Although successful, improvements in traditional steam turbine technology erased the fuel economy advantage of the diesel powerplants and led to production being curtailed in favour of the Type 12 frigate, which was similar in overall design.

Design 
These ships were designed to provide anti-aircraft escorts to convoys and amphibious groups and act as light destroyers on detached duties. They were not intended to operate with fleet carrier task forces which had speeds of over 28 knots and were escorted by destroyers and similar vessels, and therefore made only . They were envisioned in late World War II and immediately after as part of a 1945 project for anti-submarine, anti-aircraft, and Aircraft Direction frigates which would all share a common hull and propulsion, and the design of the Type 41 was completed by December 1947.

Like the 1950 RAN Battle-class variant (actually the Royal Navy variant, for war emergency production) and the unbuilt 1942 two-turret RN G destroyer, which the 1944 common hull escort closely resembles (shipyards building the Type 41, like Dennys Glasgow yard, had been provided with the full 1944 Gallant-class plans), the Type 41 Leopard class used the latest twin semi-auto 4.5" Mk6 turrets. This meant that, unlike other post-war frigates, the Type 41 had a full destroyer armament of two twin 4.5" Mk6 gun turrets, giving them a more powerful armament than the Battle- or Weapon-class destroyers.

The first production orders were in the 1951/2 and 1952/3 programmes. In 1953 eleven additional Type 41s, also with "cat" names like Cougar and Cheetah, were planned, together with ten Type 61 (Salisbury-class) frigates, with which they shared a common hull and machinery.

Distinct from the Type 61, the Type 41 radar fit also supported surface fighting, whereas the radar fit of the Type 61 "Aircraft Direction" (AD) frigates was, when introduced, largely identical to the reconstructed Dido-class AD cruiser Royalist.
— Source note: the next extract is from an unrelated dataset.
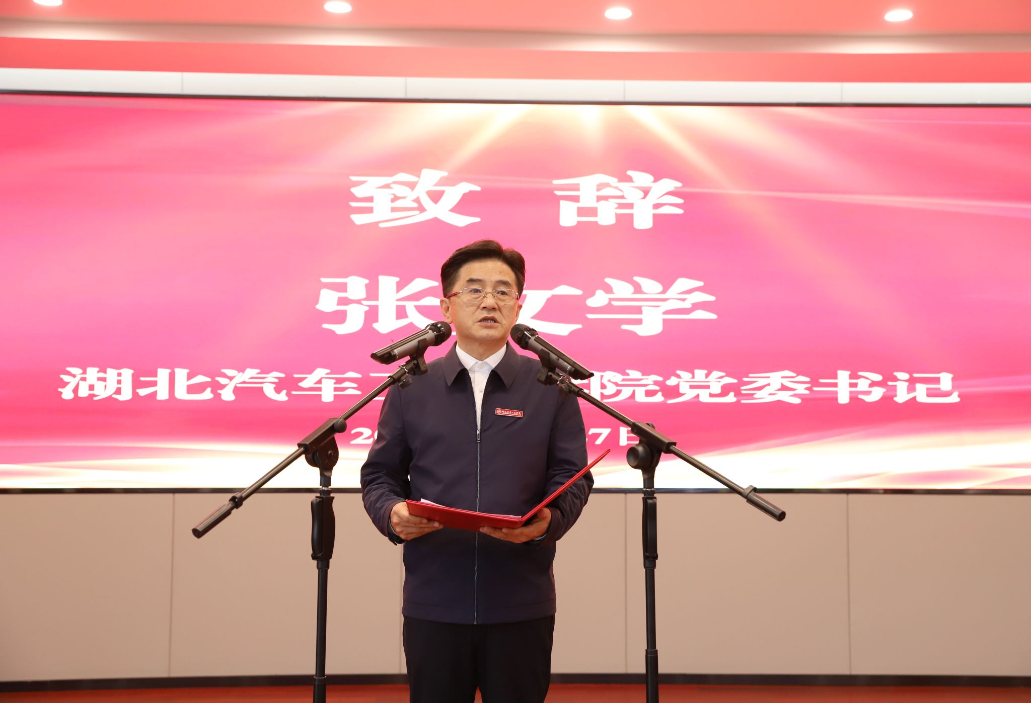 校党委书记张文学代表学校致辞,表示学校诞生于民族汽车工业发轫之时,壮大在中国汽车工业蓬勃发展的伟大征程之中,目前正向着“三步走”发展战略踔厉奋发。学校一直高度重视知识产权学科专业、平台等建设,早在2006年就设立了知识产权科研机构,2015年4月湖北省知识产权培训(十堰)基地建立后,学校知识产权学科得到了长足发展,为区域经济社会培养了大量的知识产权人才。湖北省汽车产业知识产权研究院是汉外高校唯一具有知识产权学科,省属高校中第二家设立知识产权学院的高校。它的成立,为湖北省和十堰市知识产权人才培养、科学研究注入新的动能和活力。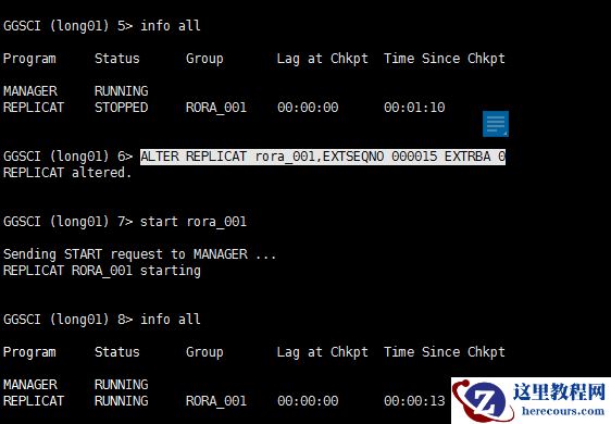 需要手工指定:ALTER REPLICAT rora_001,EXTSEQNO 000015 EXTRBA 0

To that end, HMS Leopard carried navigation radar, the new Type 992 for long-range surface target indication, and the Type 960M for Long Range Air Warning; the Type 61 had four dedicated systems: types 293, 977M, 960M and 982M.

An intended A/S version, the Type 11 (see Type system of the Royal Navy), was cancelled as the low (24-knot) top speed was insufficient for accompanying fast carrier task forces, particularly HMS Eagle, the flagship, commissioned in 1951. However, in practice, frigates and destroyers moving at more than 25 knots create turbulence which blinds their own sonars and can only engage fast-moving subs by using a helicopter with its own sonar. Thus the Type 41s were still fitted with the best late-1950s RN sonars, types 170 and 174 (which remained a good passive sonar into the 1970s), but were equipped with only a minimal A/S mortar battery.

Through their diesel propulsion, the Type 41s achieved long range through their low fuel use. The ships had a total of twelve Admiralty Standard Range Mk.1 (ASR1) diesel engines disposed four-each in three engine rooms. In the fore and aft engine rooms, two engines were connected to the drive shafts by fluid clutches and reduction gearboxes, while the other two were not connected to the shafts, but instead drove 360 kW alternators to provide electrical power. In the centre engine room, all four engines were connected to the shafts. Jaguar was fitted with controllable-pitch propellers. Initially the diesel engines proved somewhat unreliable, but these teething troubles were gradually overcome and reliability eventually became very satisfactory.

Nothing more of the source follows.